In April 2024, the Prince and Princess of Wales will celebrate their 13th wedding anniversary, following a year of royal highs and lows, fro...
In April 2024, the Prince and Princess of Wales will celebrate their 13th wedding anniversary, following a year of royal highs and lows, from the fallout of Prince Harry's memoir to the coronation of King Charles III and an unexpected surgery.
In his hit memoir, Spare, Harry compared the wedding of his brother and sister-in-law to a funeral, noting not only that its venue was in the same space as their mother's end-of-life service in 1997 but that emotionally, the events bore similar outcomes.
Harry and William's relationship has increasingly become a subject of public fascination as a steady stream of details have provided behind-palace-walls insight into their "heir" and "spare" dynamic since Harry split from the monarchy and moved to the United States in 2020.
Harry's January 2023 memoir revealed the most detailed picture of the relationship from the younger brother's point of view, including within it a number of critical descriptions of William's actions, none more so than an allegation of a physical attack launched over Meghan Markle's treatment of palace staff in 2019.
Despite the bombshell revelations, Harry has made clear that he still has "love" for his brother and hopes one day they can work on their relationship. This love was referenced throughout his book, coupled with the emotional block their difference in birth status brought between them.
One milestone occasion where Harry said he felt the distance between himself and William grow even wider was on the day of the 2011 royal wedding, with the prince making several mournful references in his book.
A Funeral Venue
One negative connotation William's wedding day had for Harry was the painful memories it conjured of the death of the princes' mother, Princess Diana.

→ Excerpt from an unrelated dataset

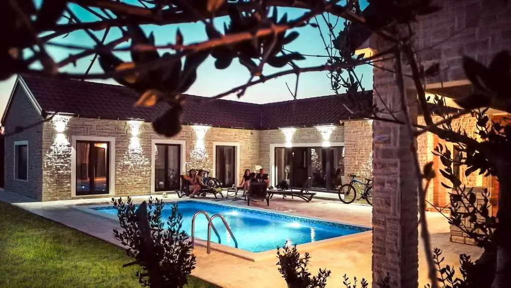 Luxusní vila Mala byla postavena koncem roku 2020. Je vyrobena z materiálů šetrných k životnímu prostředí. Chcete-li získat atmosféru starého dalmatského domu. Při konstrukci střechy domu byl zabudován přes 100 let starý dubový materiál, který byl odstraněn ze starých slavonských domů. Dům je zvenčí obložen kamenem, což domu dodává jedinečný vzhled. Kombinace moderního a starožitného dává zvláštní atmosféru. Luxusní Villa Mala se nachází na klidném místě pouhých 300 metrů od moře v malé rybářské vesnici Privlaka. Čistý vzduch a léčivé černé bahno činí tuto lokalitu atraktivní pro lidi se zdravotními problémy, jako je astma, revma, artritida atd. I v nejparnějším létě mírný vítr zmírňuje vysoké teploty, snižuje horko, což prospívá dětem a seniorům. 18 km od Zadaru a 31 km od letiště Zadar. Vila s pomocnou budovou se rozkládá na 150 m2 na pozemku 1200 m2. V rámci vily je bazén 4x8m, venkovní posilovna, sauna, gril s venkovní terasou. Hosté mají k dispozici jízdní kola. Pohled na Velebit, ze kterého přichází čistý horský vzduch. Tato vila má 3 ložnice, každou se satelitní TV s plochou obrazovkou, vybavenou kuchyň, pračku a 3 koupelny. Vítejte!

The princess had died in 1997 following a high-speed Paris car crash with her boyfriend, Dodi Fayed. William was 15 years old at the time, and Harry was only 12.
Diana's funeral service was held at Westminster Abbey, the same place where William married Kate thirteen years later.
Writing of the journey from Clarence House to the Abbey, Harry wrote: "I peered out of the window: Westminster Abbey. As always, my stomach lurched."
He then voiced a dubiousness over its choice for such a happy day, referencing its link with his mother.
"I thought: Nothing like getting married in the same place where you did your mum's funeral," he wrote. "I shot a glance at Willy. Was he thinking the same thing?"
3,000 Bodies
While the day brought many memories of his mother's loss to Harry, he also wrote that his brother's wedding venue was a space closely connected with death.
"It wasn't just the memories of Mummy's funeral. More than three thousand bodies lay beneath us, behind us," he wrote.
"They were buried under the pews, wedged into the walls. War heroes and poets, scientists and saints, the cream of the Commonwealth. Isaac Newton, Charles Dickens, Chaucer, plus thirteen kings and eighteen queens, they were all interred there. It was still so hard to think of Mummy in the realm of Death. Mummy, who'd danced with Travolta, who'd quarreled with Elton, who'd dazzled the Reagans—could she really be in the Great Beyond with the spirits of Newton and Chaucer?"
He added that the thoughts became a distraction, along with a medical issue that had developed during a recent trek to the North Pole: "Between these thoughts of Mummy and death and my frostnipped penis, I was in danger of becoming as anxious as the groom."
A Sense of Loss

Writing about William's marriage, Harry spoke warmly about his sister-in-law Kate and her joining the royal family but highlighted the inevitable change that came as his brother formed his own family.
"I loved my new sister-in-law, I felt she was more sister than in-law, the sister I'd never had and always wanted, and I was pleased that she'd forever be standing by Willy's side," he wrote. "She was a good match for my older brother. They made each other visibly happy, and therefore I was happy too."
He also noted that the inevitable change was happening at the abbey which was the site of the tragic memorial in 1997.
"But in my gut I couldn't help feeling that this was yet another farewell under this horrid roof. Another sundering," he said. "The brother I'd escorted into Westminster Abbey that morning was gone—forever. Who could deny it? He'd never again be first and foremost Willy. We'd never again ride together across the Lesotho countryside with capes blowing behind us. We'd never again share a horsey-smelling cottage while learning to fly. Who shall separate us? Life, that's who."
He'd had the same feeling, he explained, six years earlier when his father married Camilla Parker Bowles.
"And hadn't it come true?," he said of his relationship with King Charles. "In the Camilla era, as I'd predicted, I saw him less and less. Weddings were joyous occasions, sure, but they were also low key funerals, because after saying their vows people tended to disappear."
William and Kate did not respond to Harry's comments in Spare, in line with a blanket no-comment rule adopted by Buckingham Palace at the time of the book's publication.
In the memoir, the prince later revealed that despite the connection with death and loss, he had considered Westminster Abbey as a potential venue for his own wedding to Meghan Markle. The prince wrote that his initial thoughts of St Paul's Cathedral and the abbey were not supported by his older brother, later settling on St George's Chapel at Windsor Castle.